Виктор. Вообще-то он театральный. В кино в прошлом веке фотографировался много, особенно молодым. На разных театральных фестивалях за бугром котировался. Тогда, разумеется. Фишка. Народного всей неразваленной державы удостоили. Премии разные. Теперь – старик, но еще фурычит.
Денис. А дачка-то у него не особо. Мы где, на втором этаже? Не то чтобы вилла. И ты в клубе барменом.
Виктор. Семья громадная, бабки надо стругать самому. А дача… тогда при коммунягах больших домов в Переделкине не было, и этот-то виллой считался. К тому же не собственность дедова. Это пока он жив, мы тут. Правда, квартира в Москве большая, они ее с бабкой сдают за зеленые. Живем мы тут все, благо недалеко от города. Деда на театральной «Волге» возят туда-сюда, когда там репетиции или спектакли. Остальные – на электричке. Один я – на мото.
Денис. А остальных много?
Виктор. Херова туча. Тебе-то это зачем знать, супермен?
Денис. От скуки. Ох, голова разламывается. Опохмелиться не найдется?
Виктор. Ты знаешь, я вообще-то не пью, но для тебя, любимого, в заначке надыбаю (Достает из заначки виски и стакан. Наливает.) Скажи, когда хватит.

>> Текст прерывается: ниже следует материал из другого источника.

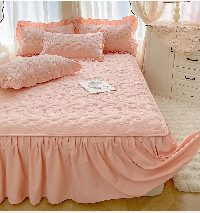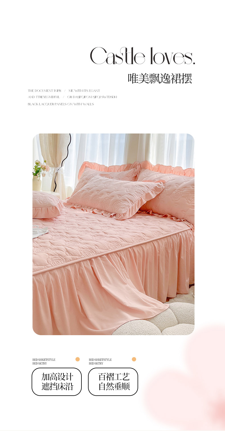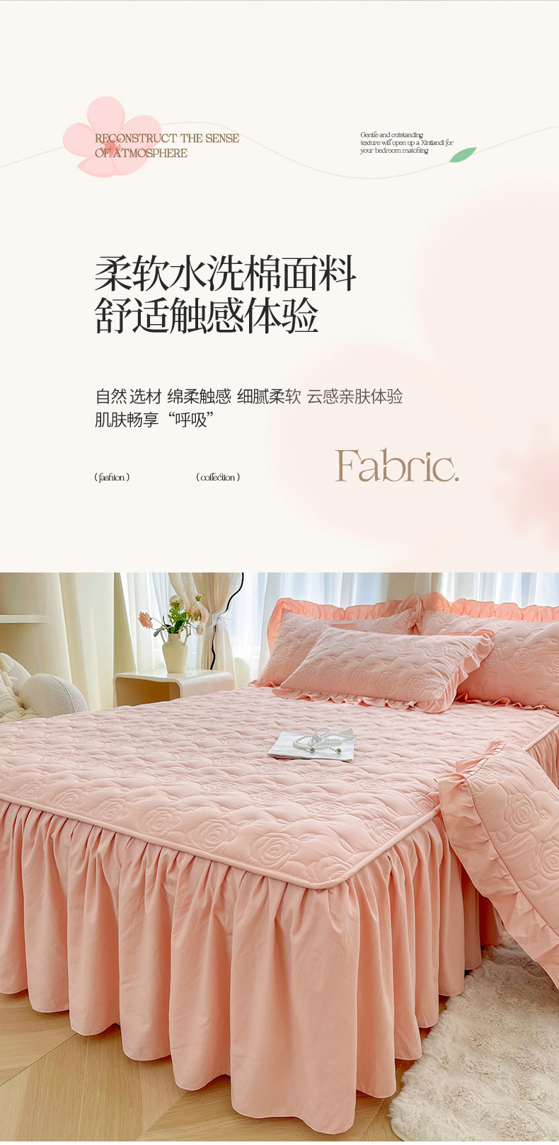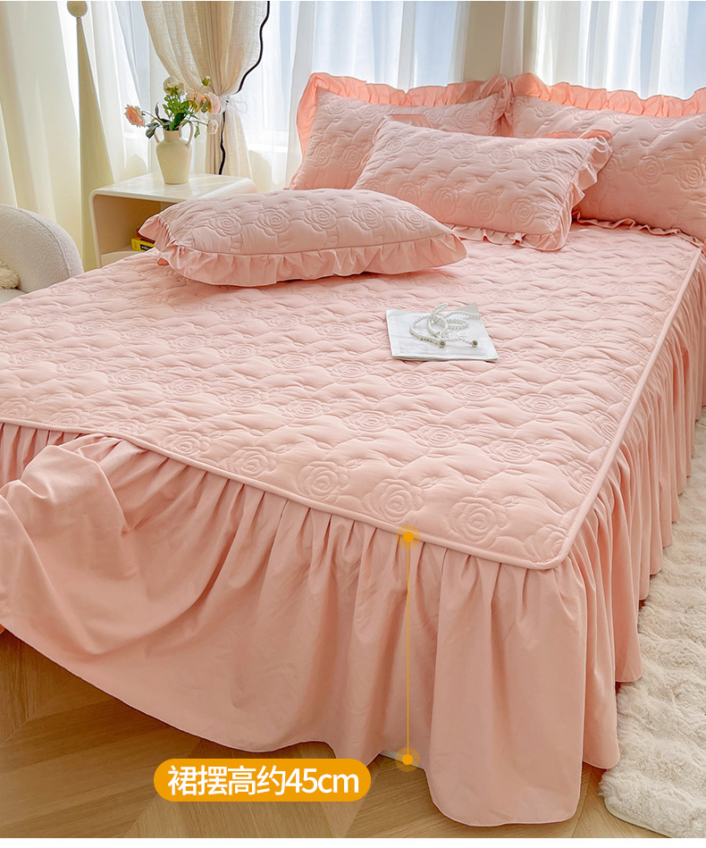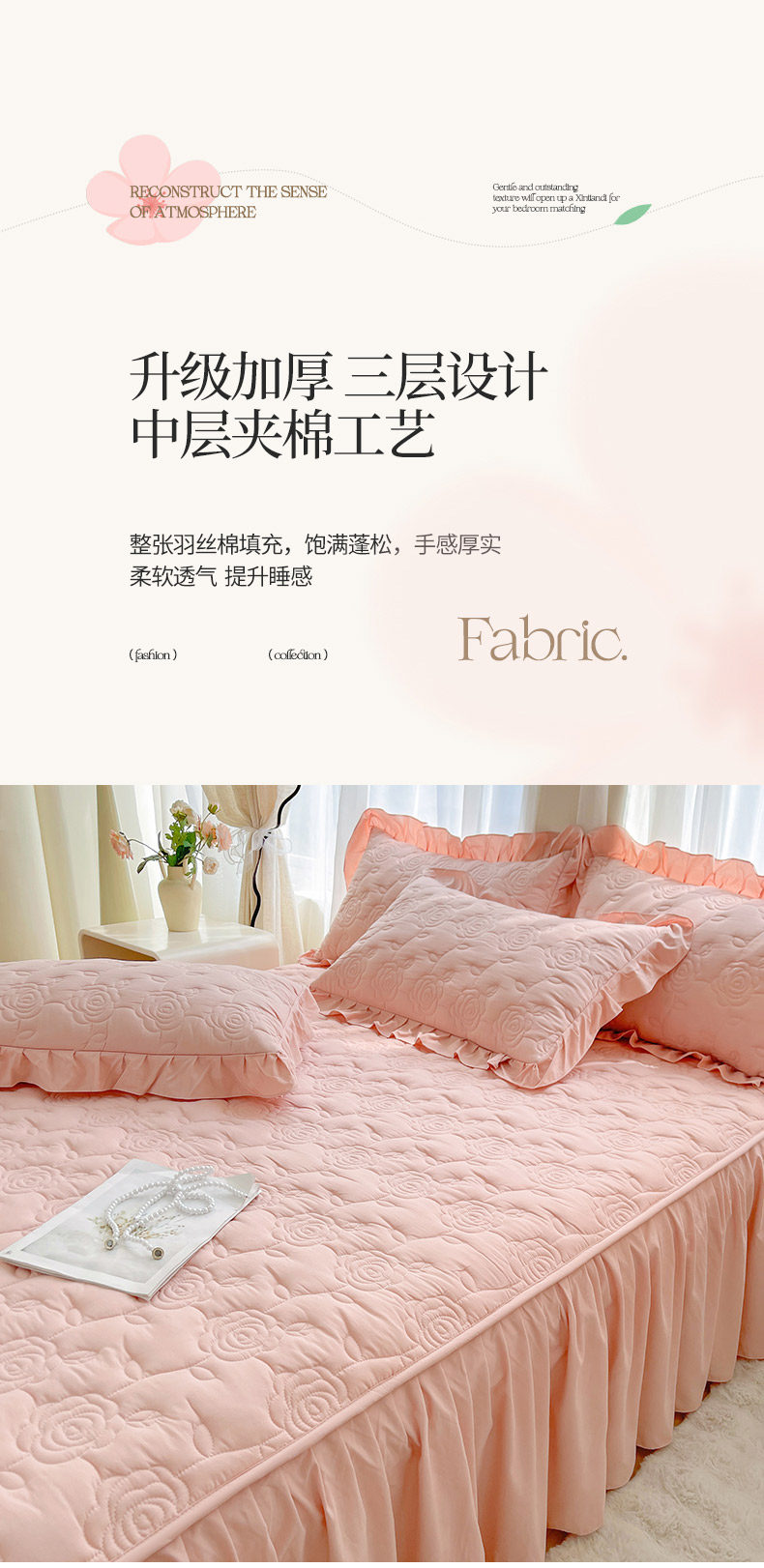 商品名称:鼎丰家纺 2025新款纯色夹棉床裙-玫瑰之恋 玫瑰之恋-橘粉
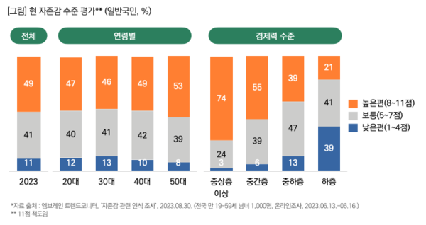 최근 엠브레인 트렌드모니터 조사 결과, 현재 자존감 수준을 스스로 평가토록 한 결과, 우리 국민의 절반 정도는 자존감 수준이 높은 편이라고 응답했다. 자존감 수준은 자기가 인식하는 경제력 수준과 상관성을 보였다. 즉 자신의 경제력이 높다고 인식할수록 자존감이 높은 경향을 보였다.

Денис. (он все еще в постели). Стоп. Вот так. Ну будь здоров, красавчик. (Морщась, выпивает.) Ох, еле прошло.
Виктор. Сейчас полегчает, шеф. Сейчас полегчает.

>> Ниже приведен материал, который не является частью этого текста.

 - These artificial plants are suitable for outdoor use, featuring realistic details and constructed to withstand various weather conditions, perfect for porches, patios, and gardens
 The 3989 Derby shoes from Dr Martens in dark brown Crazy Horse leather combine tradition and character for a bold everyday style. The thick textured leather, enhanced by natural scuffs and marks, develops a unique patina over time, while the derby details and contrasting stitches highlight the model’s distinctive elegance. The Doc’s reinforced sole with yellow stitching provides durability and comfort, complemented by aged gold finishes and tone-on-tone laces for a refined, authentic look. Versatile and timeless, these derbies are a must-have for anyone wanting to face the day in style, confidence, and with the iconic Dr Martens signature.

Подсаживается на постель к Денису. Рука под простыней.
Денис. Вик, не начинай все сначала. Неровен час кто-то заглянет.
Виктор. Успокойся, никто не заглянет. В нашей орде у каждого свой шатер. И потом, не принято права человека нарушать. Каждый строчит как он хочет, малыш. Ты огромадный малыш, ух какой ты огромадный, сильный малыш. Ну просто Арик Шварценеггер. Все о’кей, darling, правда? Все будет о’кей.
Свет гаснет.
Сцена четвертая
В комнате Елены и Даши.
Входят Елена и Даша в спортивных костюмах, начинают раздеваться.

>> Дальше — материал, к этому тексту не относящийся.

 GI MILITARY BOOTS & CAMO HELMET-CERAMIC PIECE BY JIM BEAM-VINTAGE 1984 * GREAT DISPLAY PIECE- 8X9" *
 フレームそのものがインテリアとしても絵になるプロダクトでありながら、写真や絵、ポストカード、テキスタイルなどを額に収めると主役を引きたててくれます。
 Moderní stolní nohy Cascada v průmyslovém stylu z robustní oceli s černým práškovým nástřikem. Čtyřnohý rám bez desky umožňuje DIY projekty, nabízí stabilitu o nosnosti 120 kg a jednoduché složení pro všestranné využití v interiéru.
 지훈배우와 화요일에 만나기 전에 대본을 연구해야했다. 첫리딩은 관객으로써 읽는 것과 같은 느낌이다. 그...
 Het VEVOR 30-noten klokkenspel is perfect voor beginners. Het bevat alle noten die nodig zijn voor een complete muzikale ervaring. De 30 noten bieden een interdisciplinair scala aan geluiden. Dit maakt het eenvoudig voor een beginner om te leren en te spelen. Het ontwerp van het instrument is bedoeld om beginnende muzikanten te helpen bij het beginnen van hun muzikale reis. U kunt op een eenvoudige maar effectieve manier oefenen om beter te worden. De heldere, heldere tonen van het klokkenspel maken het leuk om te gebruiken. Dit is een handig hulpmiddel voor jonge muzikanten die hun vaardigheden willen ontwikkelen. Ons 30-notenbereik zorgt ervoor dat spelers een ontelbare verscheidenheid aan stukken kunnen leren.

Елена (говорит дочери по-немецки). А теперь быстро в душ.
Дарья. Я только «быстро» поняла.
Елена. Под душ. И учи язык.
Дарья (по-французски). Тебе моих трех других, не считая ридной мовы (ридной мовы это по-русски), мало?
Елена. Кроме ридной мовы, к тому же и не ридной, теперь я ничего не просекла.
Дарья (по-итальянски). Красавица мамаша, вы полагаете, если наш обожаемый папенька работает сейчас в его обожаемой Германии, я должна шпрехать… Мне что, недостаточно французского, итальянского и английского? (Продолжает на английском.) Впрочем, я тебя обожаю, мама, намного больше, чем вы с папой свою медицину и ваш отвратительный немецкий, единственный, который вы с ним удосужились выучить в вашей немецкой школе, в прошлом веке.